🤖 AI Summary
Federated learning (FL) faces fairness challenges including client heterogeneity, bias amplification, and free-riding. This paper presents the first systematic investigation of mutual information (MI)-driven loss functions for balancing fairness and performance in FL. We propose an MI-based debiased representation learning framework that enforces distributional alignment of learned features across clients—via MI estimation (using MINE or Jensen–Shannon divergence)—without sharing raw data, and integrates seamlessly with FedAvg to achieve privacy-preserving, cross-client performance equity. The method supports heterogeneous client modeling and bias-aware gradient updates.
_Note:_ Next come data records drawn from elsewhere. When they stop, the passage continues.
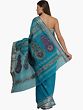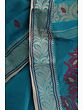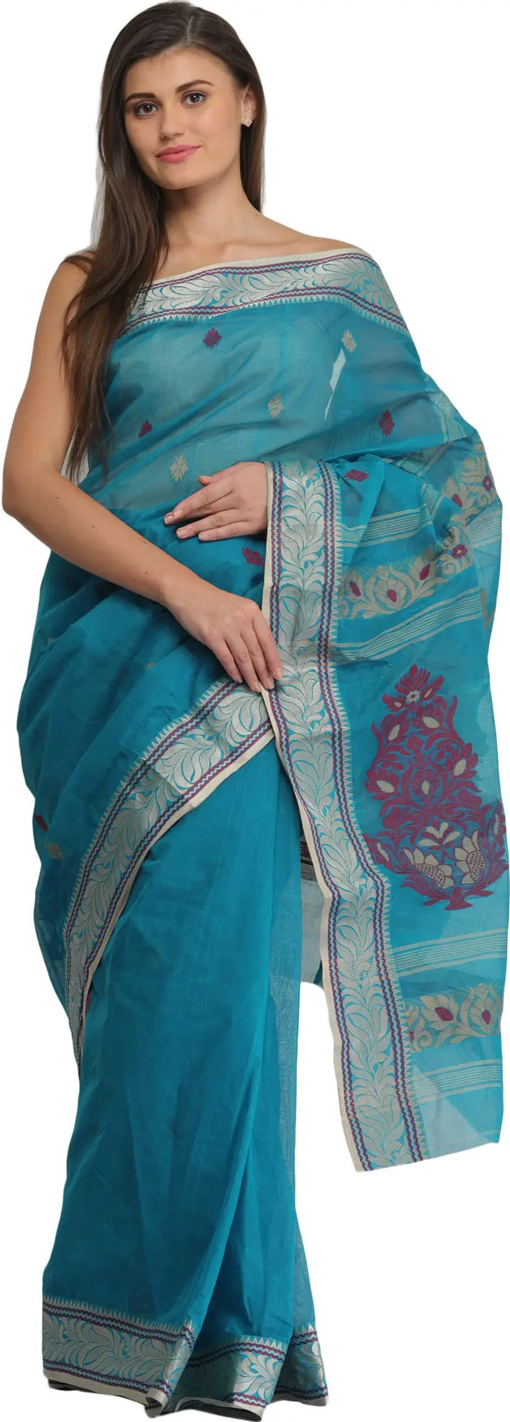 Vivid-Blue Purbasthali Tangail Sari from Bengal with Woven Floral Motifs on Pallu
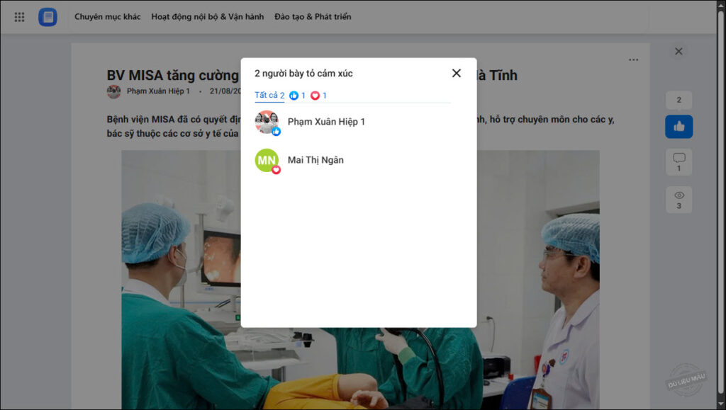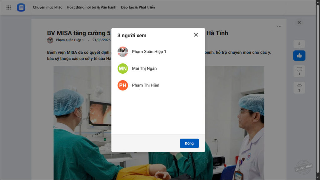 - Đối với bài viết cá nhân, anh/chị có thể xem số lượng và danh sách người đã xem bài viết, tương tác với bài viết.
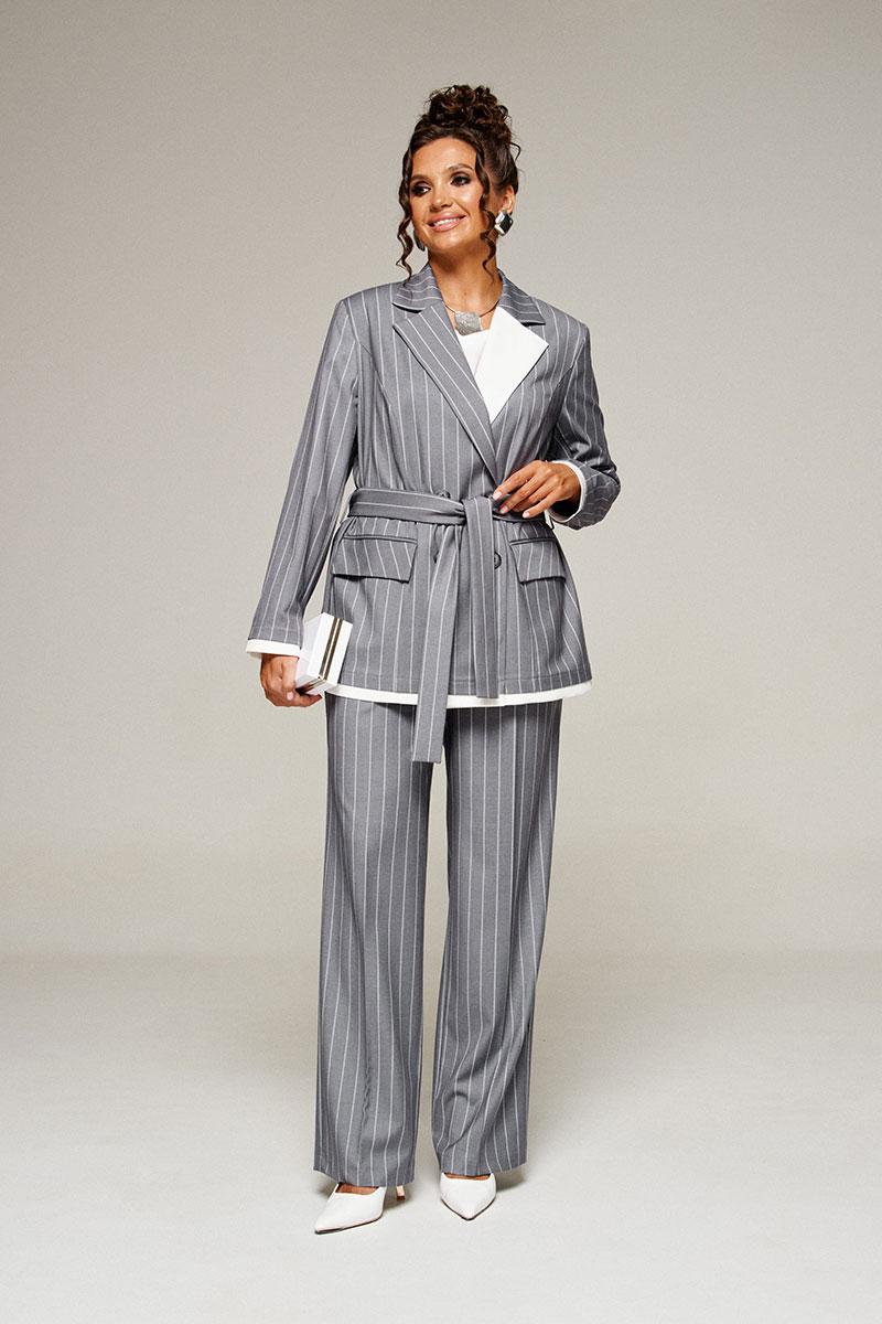 Деловой комплект 3-ка, состоящий из трех предметов: жакета, брюк и блузки.

Evaluated on non-IID benchmarks (FEMNIST, CIFAR-10/100), it reduces inter-client accuracy variance by 37% on average, improves accuracy of the worst-performing 10% of clients by 2.8×, and boosts global model accuracy by 1.9–3.4 percentage points.
📝 Abstract
Federated Learning (FL) has attracted considerable interest due to growing privacy concerns and regulations like the General Data Protection Regulation (GDPR), which stresses the importance of privacy-preserving and fair machine learning approaches. In FL, model training takes place on decentralized data, so as to allow clients to upload a locally trained model and receive a globally aggregated model without exposing sensitive information. However, challenges related to fairness-such as biases, uneven performance among clients, and the"free rider"issue complicates its adoption. In this paper, we examine the use of Mutual Information (MI)-based loss functions to address these concerns. MI has proven to be a powerful method for measuring dependencies between variables and optimizing deep learning models. By leveraging MI to extract essential features and minimize biases, we aim to improve both the fairness and effectiveness of FL systems. Through extensive benchmarking, we assess the impact of MI-based losses in reducing disparities among clients while enhancing the overall performance of FL.